On the other hand, with the support of the bibliographic coupling function embedded in the VOS viewer, we identify five key topic areas that are currently the most popular under AI&ED research: AI and intelligent decision-making, AI and social governance, AI and labor and capital, AI and Industry 4.0, and AI and innovation, which is also an outstanding result of this study. In response to these frontier topics, we run a systematic review to gain insight into each economic subfield. For the practitioner sphere, this work provides theoretical basis and guidance to those currently employed in the field, enabling them to quickly seize the unlimited potential of AI in economic development. Nonetheless, for researchers working in this field, we outline the profile of each topic area and the research gaps, which will have an important enlightening force and stimulating effect on future research in this field.

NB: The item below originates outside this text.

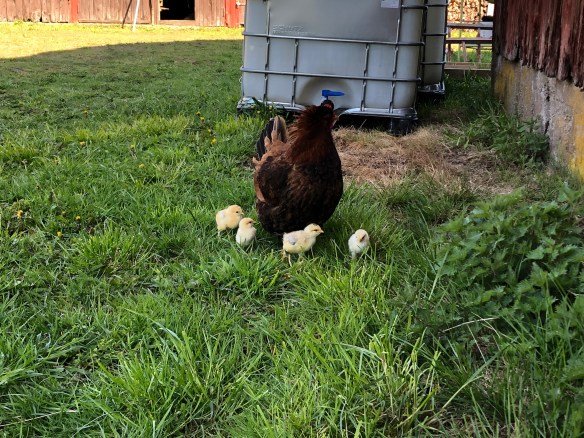 Sicken solig och härlig dag det blev igår! Brons och kycklingarna fick komma ut ur sin box och gillade friheten.

Limitations and Future Scope for Research

Although the study design of this paper ensures the relevance and reliability of the final results, the generalizability of these results is still subject to certain limitations. First and foremost, for the determination of the data sources, we followed the internationally generally observed rule of access based on the WoS core collection platform. Although the quality of the literature was ensured, a small amount of valuable literature was still hidden in other databases, which to some extent makes the integrity of the sample questionable. Therefore, expanding reliable data collection channels in future research is a feasible way to improve our study. Secondly, out of research needs, we only considered most of the literature in the bibliographic coupling network mapping instead of all the literature, which may cause some bias in the final clustering results. To get a broader picture of the research clusters in this field, we encourage future researchers to consider more literature information to obtain more general and delicate insights. Finally, while the utilization of bibliometric techniques in the paper reveals its advantages of comprehensiveness, it also exhibits its shortcomings of not being able to take into account many details. For the time being, we can only rely on the future improvement of the discipline to remedy this deficiency. Notwithstanding these limitations, this work offers valuable insights for the future boom in the AI&ED field.